*** Provided data ***

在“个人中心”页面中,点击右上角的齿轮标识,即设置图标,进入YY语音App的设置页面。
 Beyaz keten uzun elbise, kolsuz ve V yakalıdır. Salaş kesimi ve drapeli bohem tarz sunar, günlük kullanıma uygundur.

***
*** Provided data ***

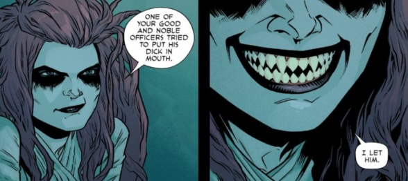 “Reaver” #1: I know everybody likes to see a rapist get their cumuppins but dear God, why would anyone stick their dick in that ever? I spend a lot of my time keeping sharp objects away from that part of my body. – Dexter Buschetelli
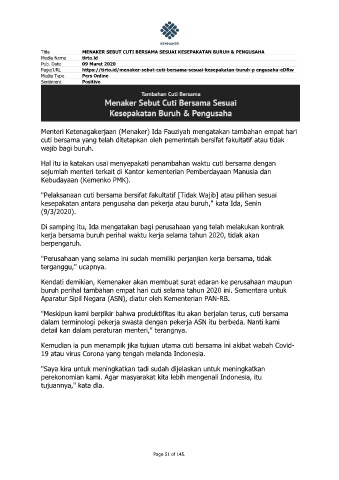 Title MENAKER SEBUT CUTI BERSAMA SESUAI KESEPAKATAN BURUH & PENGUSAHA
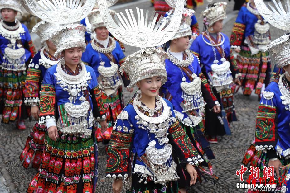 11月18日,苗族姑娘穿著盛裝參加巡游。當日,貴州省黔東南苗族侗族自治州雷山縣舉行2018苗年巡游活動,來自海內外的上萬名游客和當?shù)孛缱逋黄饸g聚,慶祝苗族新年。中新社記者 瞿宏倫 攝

***
*** Provided data ***

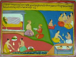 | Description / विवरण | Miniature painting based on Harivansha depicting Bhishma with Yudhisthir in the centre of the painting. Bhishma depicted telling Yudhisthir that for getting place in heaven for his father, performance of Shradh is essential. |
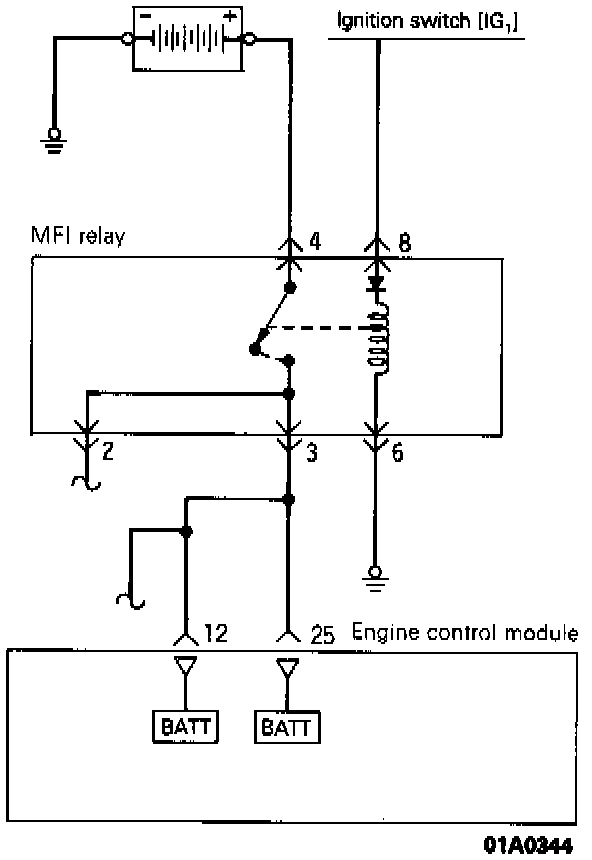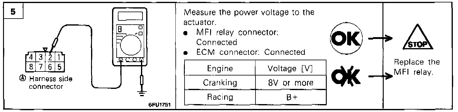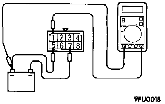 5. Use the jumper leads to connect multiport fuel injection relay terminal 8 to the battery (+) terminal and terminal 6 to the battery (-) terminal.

***

> Work request
Set down, exactly as written above, each line from the one with "is essential. |" through the one with "5. Use the jumper", and skip the pictures.

> Problem solution
 | Description / विवरण | Miniature painting based on Harivansha depicting Bhishma with Yudhisthir in the centre of the painting. Bhishma depicted telling Yudhisthir that for getting place in heaven for his father, performance of Shradh is essential. |
 5. Use the jumper leads to connect multiport fuel injection relay terminal 8 to the battery (+) terminal and terminal 6 to the battery (-) terminal.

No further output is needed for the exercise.